7. En troisième lieu la circonstance que, par une délibération du 28 janvier 2019, le conseil de la métropole de Lyon a approuvé le principe de financement de constructions, dont le collège objet du cas pratique, ne suffit pas à établir que les travaux d'extension de ce collège auraient été réalisés entre 2019 et 2020 et que la société TPF Ingénierie aurait assisté pendant ces travaux la métropole de Lyon de sa compétence technique et économique de la construction dans le cadre d'un marché conclu en 2016 ayant le même objet que le marché litigieux. Le moyen tiré de ce que le cas pratique a eu pour effet de privilégier la société TPF Ingénierie et de rompre le principe d'égalité de traitement entre les candidats doit, dès lors, être écarté.

8. En dernier lieu, il ressort du rapport d'analyse des offres que, pour la pertinence du nombre d'heures affectées à la mission objet du cas pratique proposé par la société Alteabois, la métropole de Lyon a jugé, après avoir relevé que l'entreprise avait estimé des heures qui n'étaient pas demandées dans l'exercice de base, très satisfaisant le nombre d'heures total nécessaire et correcte la répartition du temps passé entre les ingénieurs et les techniciens, ce qui a justifié de lui attribuer quatre points sur cinq, correspondant à une offre " satisfaisante " car " complète, détaillée, claire et adaptée " ou " avec réserve(s) mineure(s) sans incidence sur la qualité ". En prenant en compte cette réserve mineure sur le chiffrage supplémentaire, la métropole de Lyon n'a pas méconnu le règlement de la consultation, ni ses obligations de publicité et de mise en concurrence.

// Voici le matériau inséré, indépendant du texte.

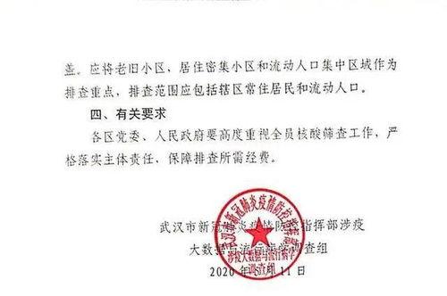 首先,咱们得先了解一下这次的通知都有哪些内容。据可靠消息,武汉市的核酸检测政策又有了新的调整。这次调整主要包括以下几个方面:

9. Il résulte de ce qui précède que la société Alteabois n'est pas fondée à demander l'annulation de la procédure de passation du marché et de la décision rejetant son offre. Sa requête doit être rejetée en toutes ses conclusions. Il y a lieu, dans les circonstances de l'espèce, de mettre à sa charge la somme de 1 400 euros à verser à la métropole de Lyon au titre de l'article L. 761-1 du code de justice administrative.

DECIDE :

Article 1er : La requête de la société Alteabois est rejetée.

Article 2 : La société Alteabois versera à la métropole de Lyon la somme de 1 400 euros au titre de l'article L. 761-1 du code de justice administrative.

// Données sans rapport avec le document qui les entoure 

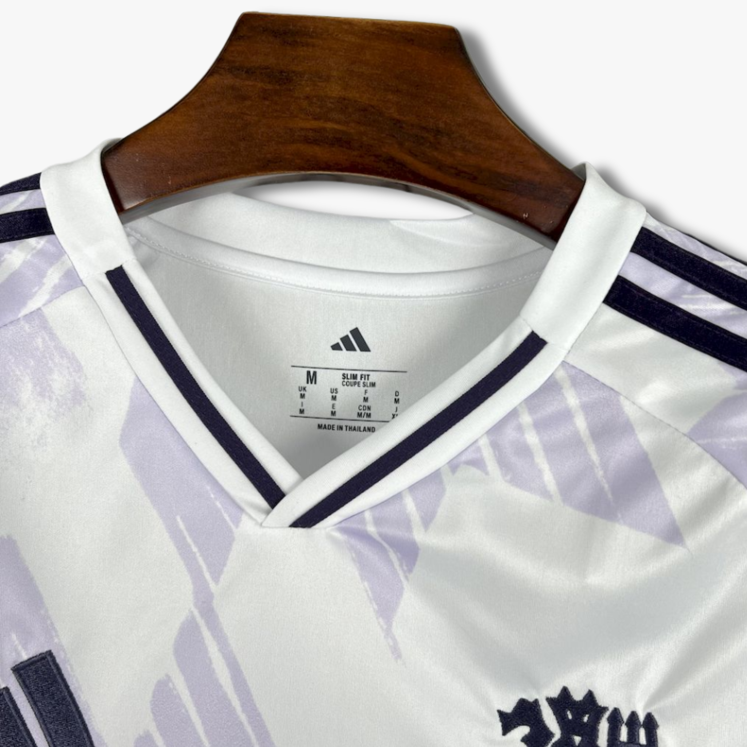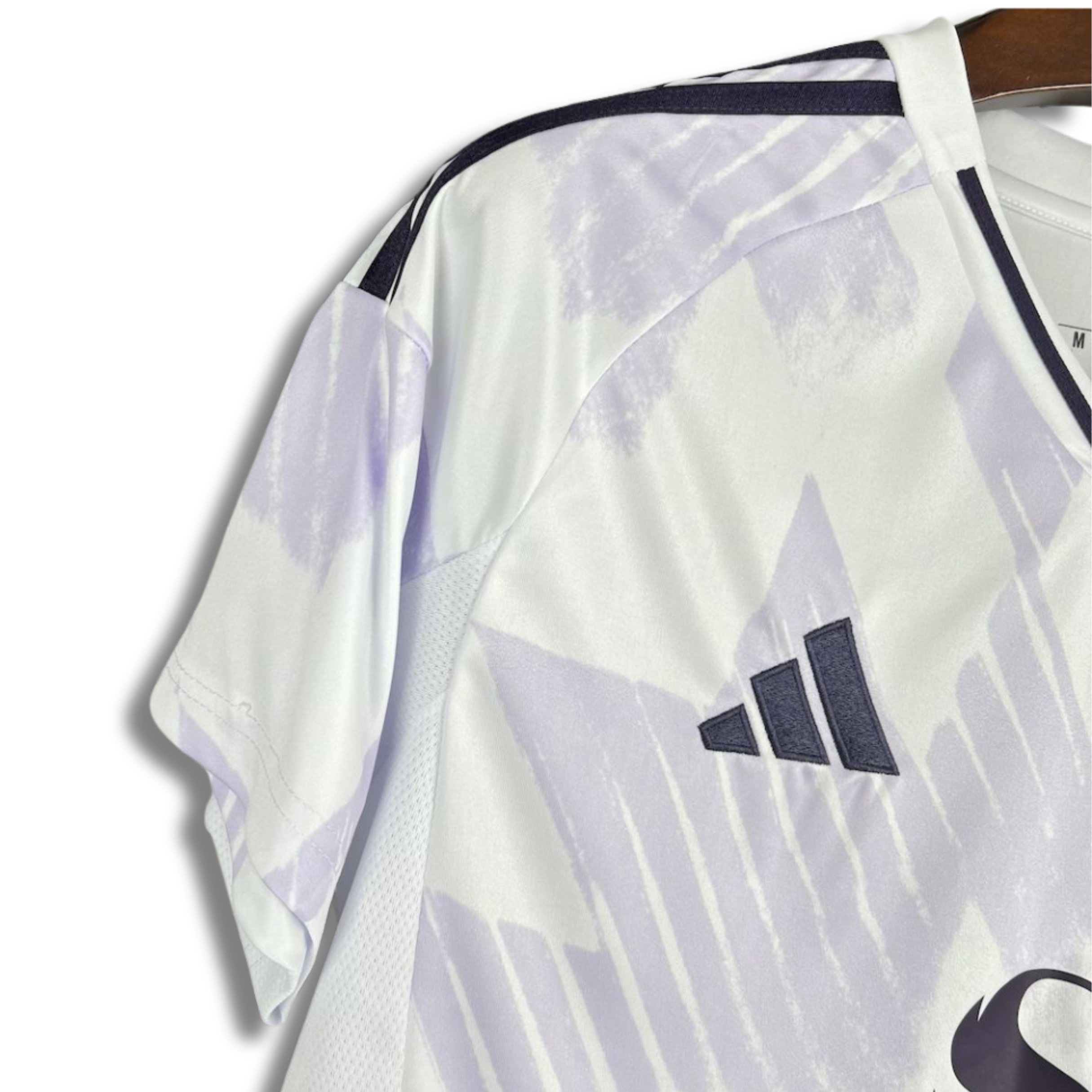 Este jersey del Manchester United de visita temporada 25/26 presenta una propuesta moderna y llamativa que combina elegancia con un enfoque artístico en su diseño. La base en color blanco se complementa con gráficos en tono lila que recorren el frente y las mangas, aportando dinamismo y una identidad visual fresca que distingue al equipo en cada estadio.

Article 3 : La présente ordonnance sera notifiée aux sociétés Alteabois et TPF Ingénierie et à la la métropole de Lyon.

Fait à Lyon, le 21 février 2024.

La juge des référés,

C. Michel

La greffière,

S. Hosni

La République mande et ordonne à la préfète du Rhône en ce qui la concerne ou à tous commissaires de justice à ce requis en ce qui concerne les voies de droit commun contre les parties privées, de pourvoir à l'exécution de la présente décision.